PROBLEM TO WORK ON
Word-for-word repetition of the records below is needed, but only from the line holding "Ασημένιο Παιδικό Βραχιόλι-Ταυτότητα" through the final line, with pictures excluded.

RECORDS FOR THIS EXERCISE
━━━━━━

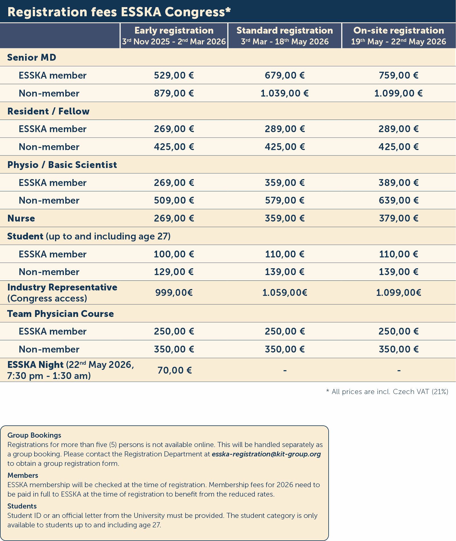 ESSKA membership will be checked at the time of registration. Membership fees for 2026 need to be paid in full to ESSKA at the time of registration to benefit from the reduced rates.
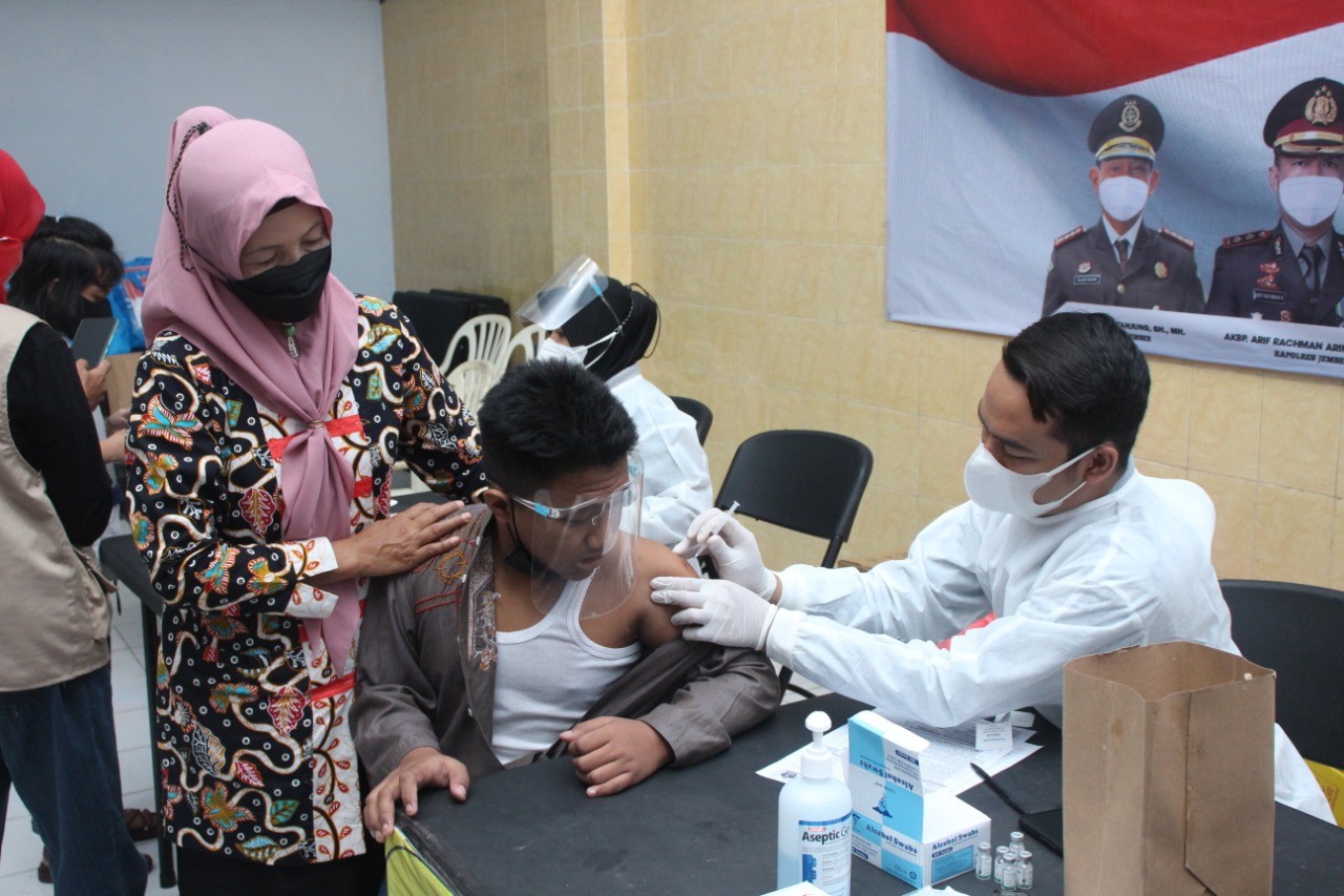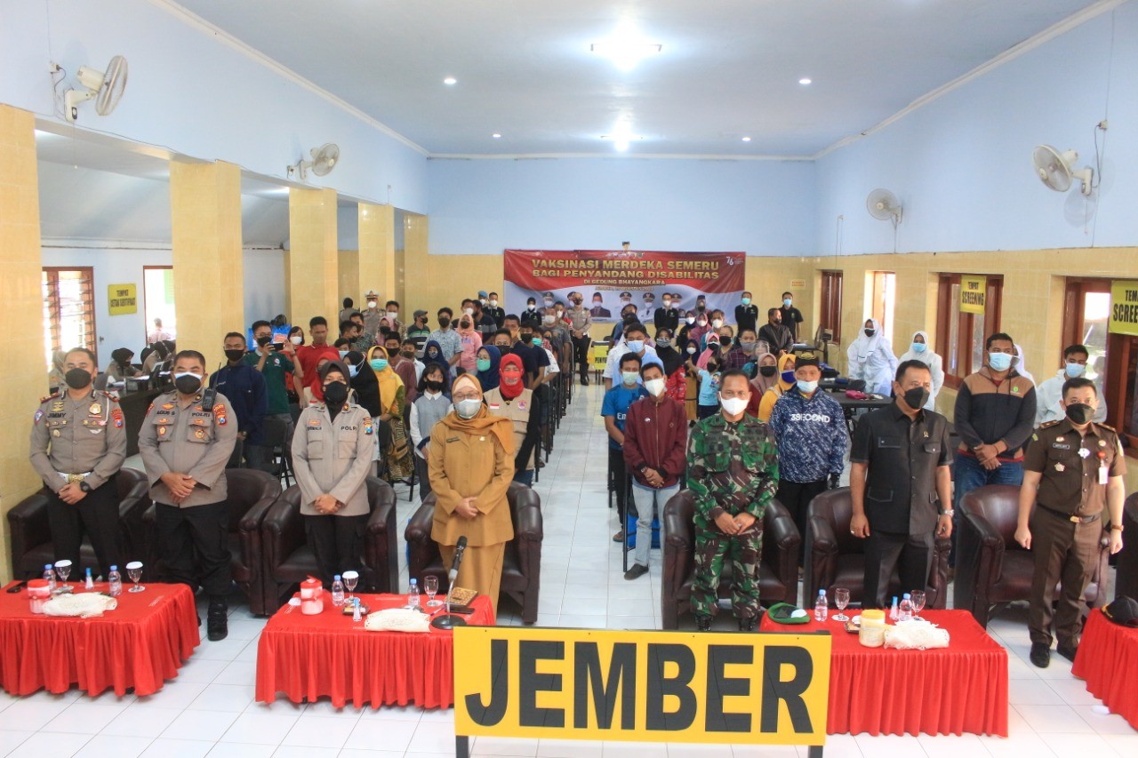 Program vaksinasi tengah berjalan hampir di seluruh wilayah Kecamatan di Kabupaten Jember. Polres Jember terus mendukung akselerasi vaksinasi, tidak hanya bagi masyarakat umum, lansia, tetapi juga berhak diberikan kepada penyandang disabilitas.
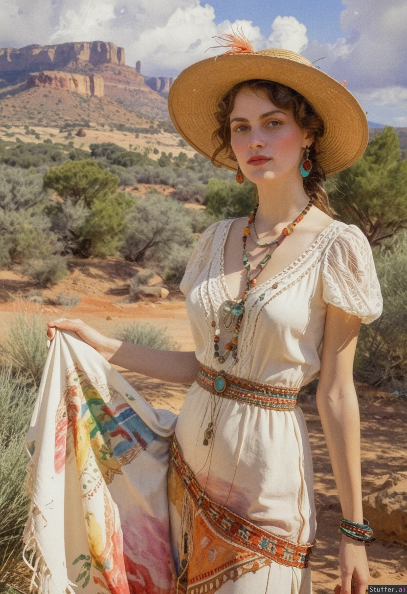 realistic beautiful woman in a stylish bohemian dress, many accessories, in a stunning outdoor landscape, detailed, intricate, watercolor, mixed media, vibrant palette, art style by Tamara de Lempicka and John Singer Sargent, and Elizabeth Murray, pastel palette (seed 2719032760)
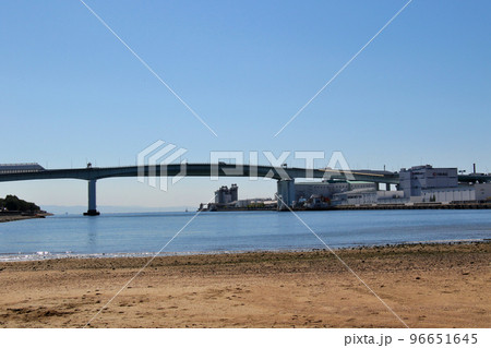芦屋市 東灘芦屋大橋(県道722号線と阪神高速5号湾岸線が走る)を遠くに芦屋川河口の出口付近より望む
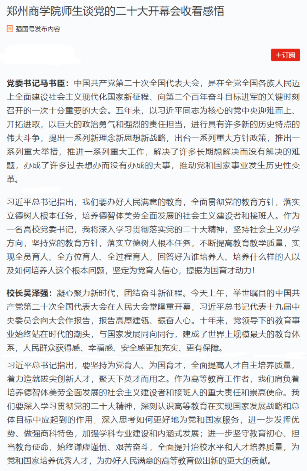 习近平总书记指出,要坚持为党育人、为国育才,全面提高人才自主培养质量,着力造就拔尖创新人才,聚天下英才而用之。作为高等教育工作者,我们肩负着培养德智体美劳全面发展的社会主义建设者和接班人的重大责任和崇高使命。我们要深入学习贯彻党的二十大精神,深刻认识高等教育在实现国家发展战略和总体目标中应起到的作用,深入思考如何更好地为党和国家服务,进一步发挥优势、做强商科特色,加强学科专业建设和内涵式发展;进一步坚守教育初心、担当教育使命,始终谦虚谨慎、艰苦奋斗,全面提升治校水平和人才培养质量,为党和国家培养优秀人才,为办好人民满意的高等教育做出新的更大的贡献。
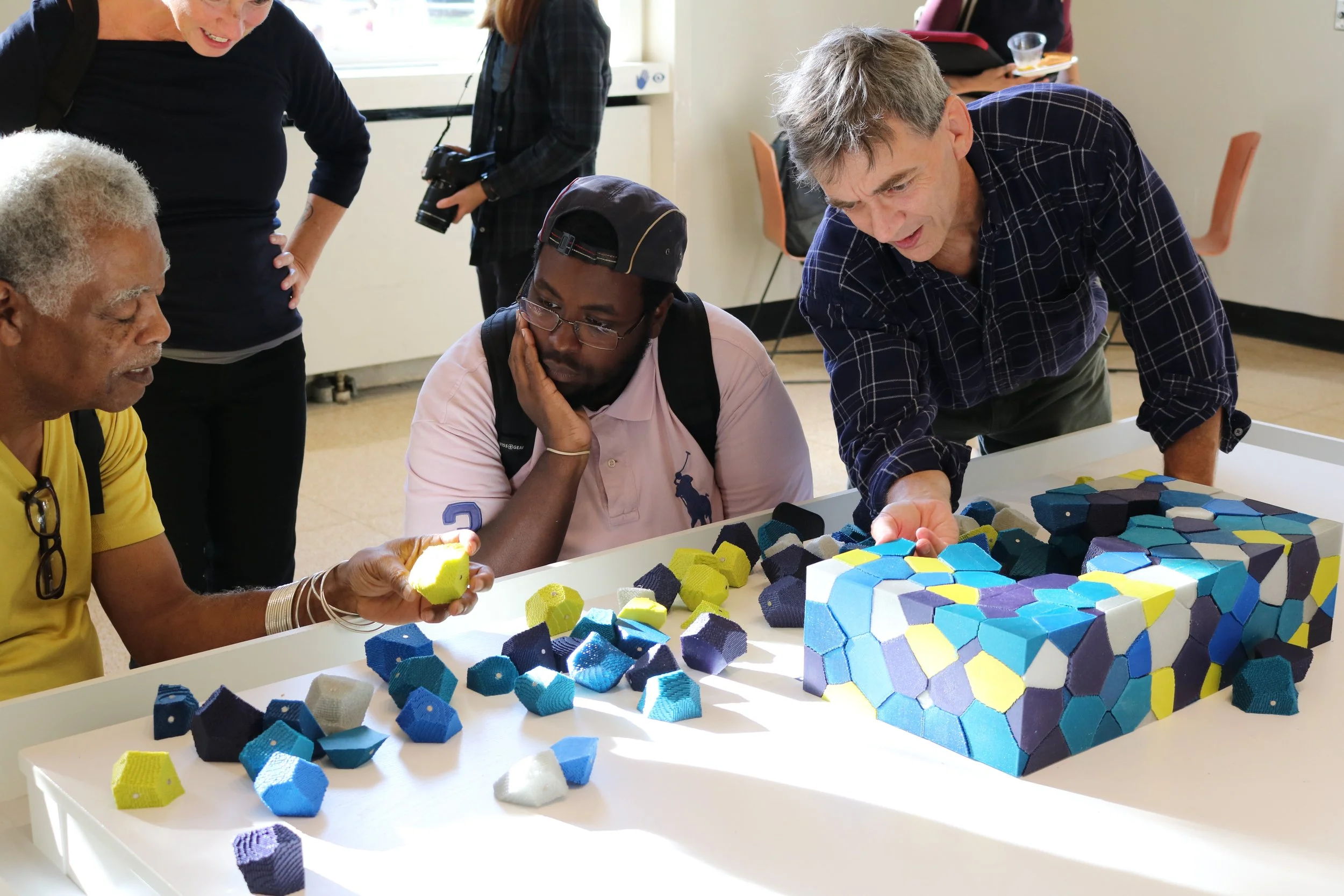The main feature of the exhibition was the Impossible Puzzle, a 3d printed and magnetized puzzle based on the grain boundaries of copper. The challenge is to reconstruct the material sample (a rectangular solid) from the pile of 274 grains (aka puzzle pieces).
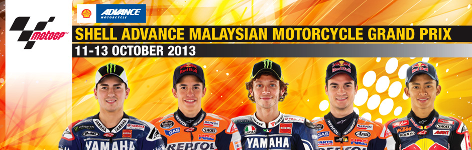 Malaysia hosts Round 15 of 18-leg MotoGP World Championship from October 11 to 13, 2013. See the MotoGP idols such as Valentino Rossi, Jorge Lorenzo, Marc Marques, Pol Espargaro, Scott Redding and Zulfahmi Khairuddin fighting each other live on track for champions title.
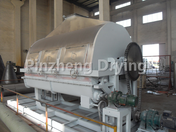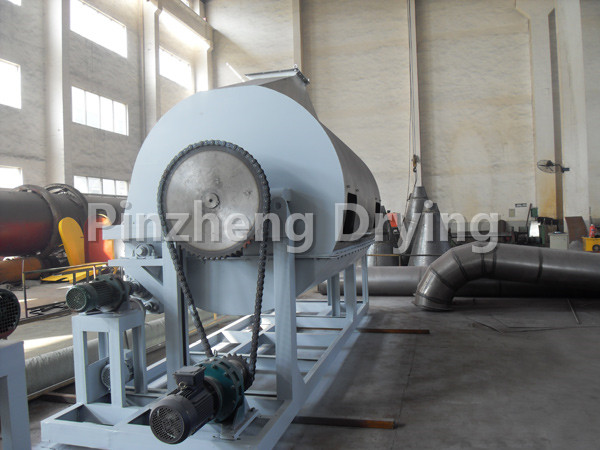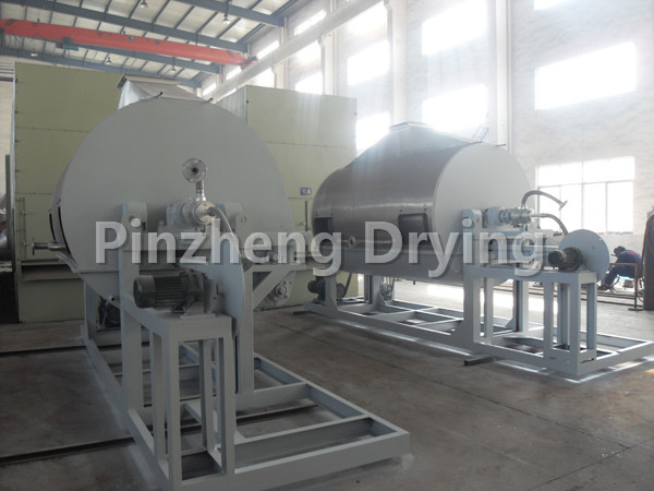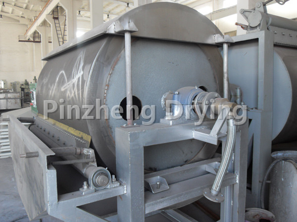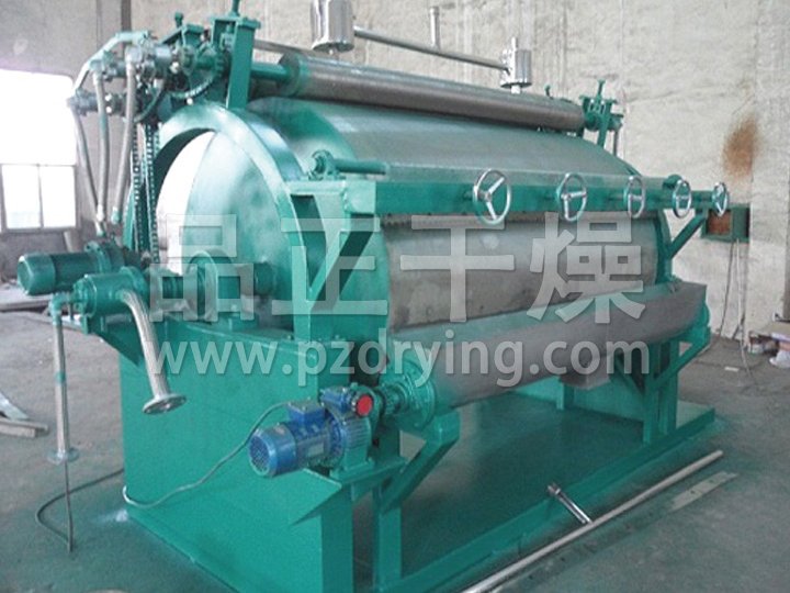 The drum dryer is a rotary continuous drying equipment with internal heating and conduction. A thick material film is adhered to the rotating drum through its lower material trough, and the heat is transferred to the inner wall of the drum through the pipe, and then to the outer wall of the drum, and then to the material film, so that the moisture in the material film can be evaporated and dehumidified, and the material containing moisture can be dried. The dried material is scraped off the drum by the scraper installed on the surface of the drum, and then to the screw conveyor placed under the scraper. The dry material is concentrated and packaged by the screw conveyor.
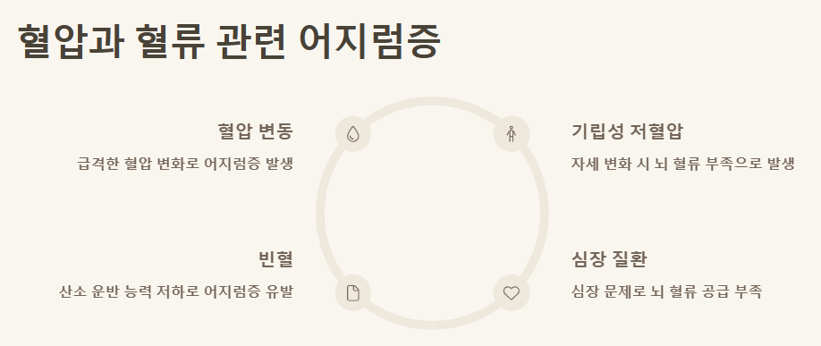 혈압이 급격히 떨어지거나 올라가면 어지럼증이 동반될 수 있어요. 기립성 저혈압처럼 자세를 바꿀 때 순간적으로 혈액이 뇌로 충분히 공급되지 않으면, 눈앞이 깜깜해지거나 몸이 붕 뜨는 느낌이 들 수 있어요.
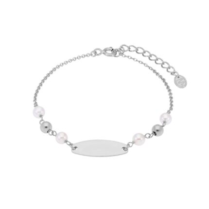 Ασημένιο Παιδικό Βραχιόλι-Ταυτότητα Marea, Με Πέρλες
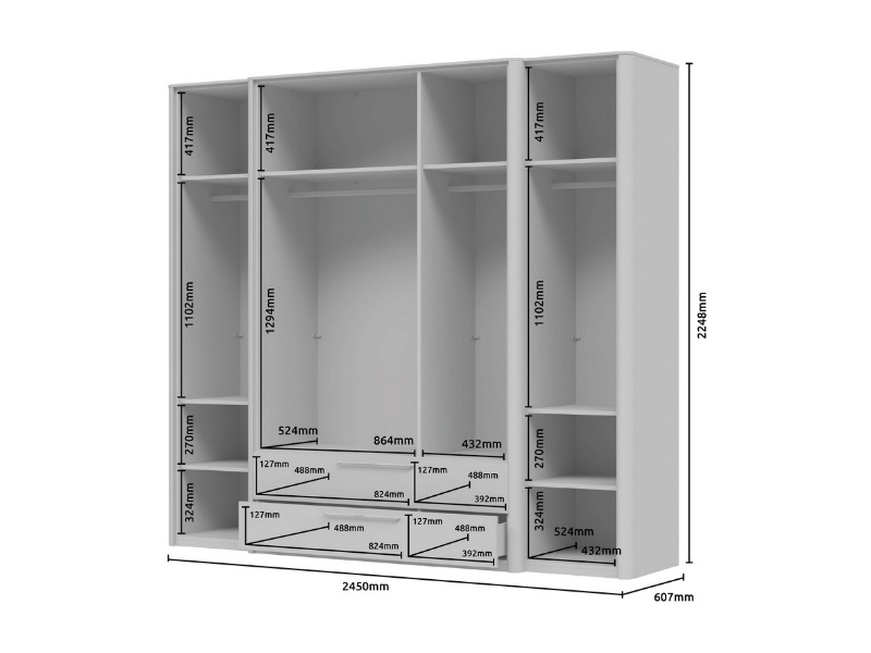 - Standard dulapul vine cu: 4 bare pentru umeras (3 mici si 1 mare) + 8 polite (7 mici si 1 mare)

━━━━━━

RESPONSE
 Ασημένιο Παιδικό Βραχιόλι-Ταυτότητα Marea, Με Πέρλες
 - Standard dulapul vine cu: 4 bare pentru umeras (3 mici si 1 mare) + 8 polite (7 mici si 1 mare)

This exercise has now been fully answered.